What’s extra, Alex Boyer, stepping in to exchange Brandon Jovanovich, reduce an unusually youthful determine as Herod. Boyer was gamely pompous and in positive voice, however he hardly appeared older than Salome, which obscured considerably the character of Herod’s curiosity in his stepdaughter, and furthered the concept Salome was an grownup in battle with different adults. As Herodias, Tanja Ariane Baumgartner was appealingly bloodthirsty, if sometimes misplaced within the tumult of the orchestra.

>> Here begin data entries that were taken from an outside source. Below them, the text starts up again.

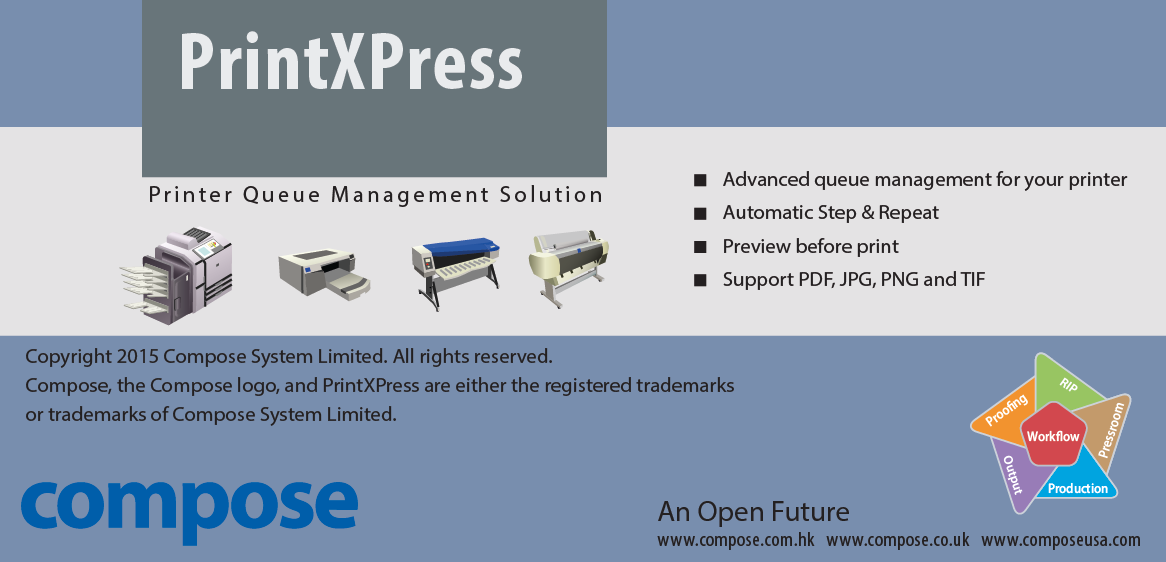 PrintXPress is a Client and Server solution intended to ease all the pressure for those working in a busy print environment. Sending jobs to print will be a task back to the designer or operator, allowing them to have a greater say how the document should be printed.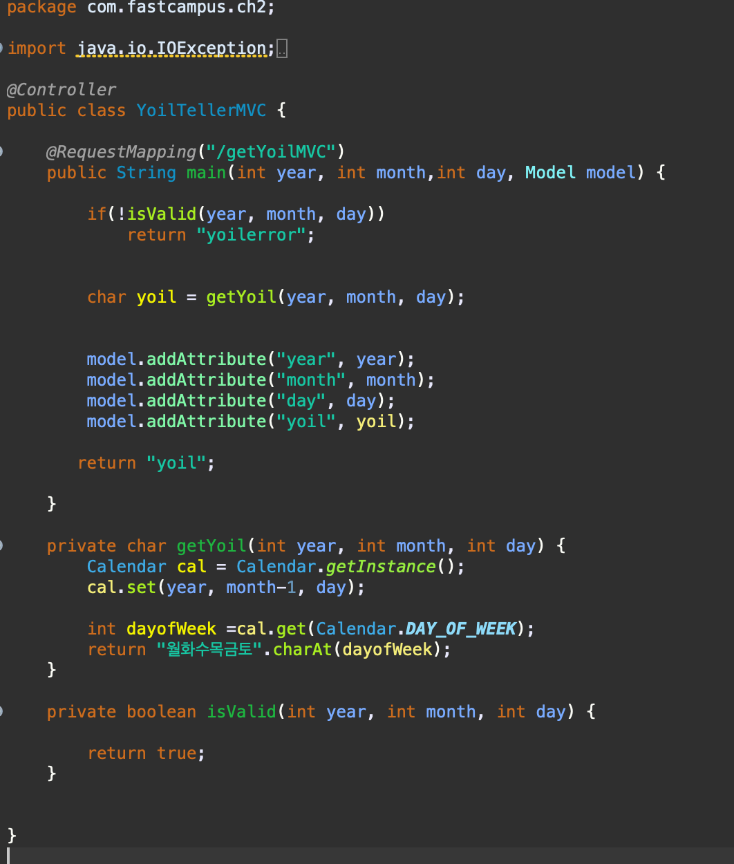 기존에 만들어놓은 YoilTellerMVC.java 파일을 가지고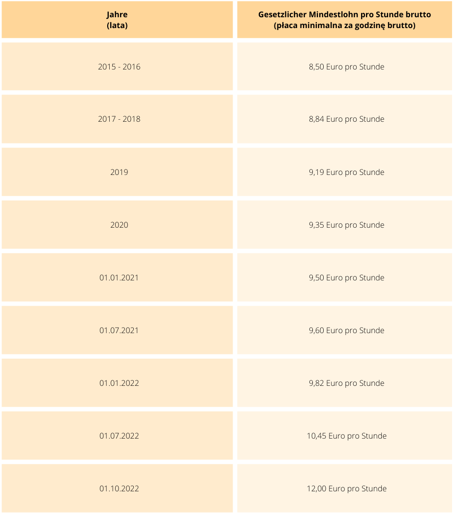W Niemczech tak jak w każdym państwie są pracodawcy, którzy oferują najniższe z możliwych wynagrodzeń jak i tacy, którzy oferują stawki rynkowe. Co do zasady jednak większość pracodawców musi dostosować minimalne wynagrodzenie do stawek wynikających z MiLoG, także firmy zatrudniające opiekunki domowe osób starszych. Jak wyglądały i jak będą wyglądać płace minimalne, obrazuje poniższa tabela:

Photograph by Kyle Flubacker
One of many few moments the place Salome appeared extra childlike was within the staging of the dance, which noticed Salome progressing by a sequence of rooms that represented life phases. A lot of the sequence performed like an MFA’s first foray into feminist video artwork (huge projections of child dolls and zippers being unzipped, ritual hand washing—you get the image), however a second through which Herod helped Salome change right into a promenade costume after which waltzed her across the stage evoked these creepy purity ceremonies the place fathers symbolically marry their teenaged daughters, to skin-crawling impact.
Total, the Lyric has a whirlwind Salome, a blow-you-back-in-your-seat and make-your-ears-ring Salome. It’s not fairly a lean-forward-with-bated-breath Salome, nor a seduce-you-against-your-better-judgement Salome. Name it a Winter Salome, perhaps, moderately than a Summer time Salome—much less simmering humidity and extra daredevil ski-jumps. However no matter you need to name it, why not simply name the Lyric field workplace? In any case, I hear there’s extra snow this weekend.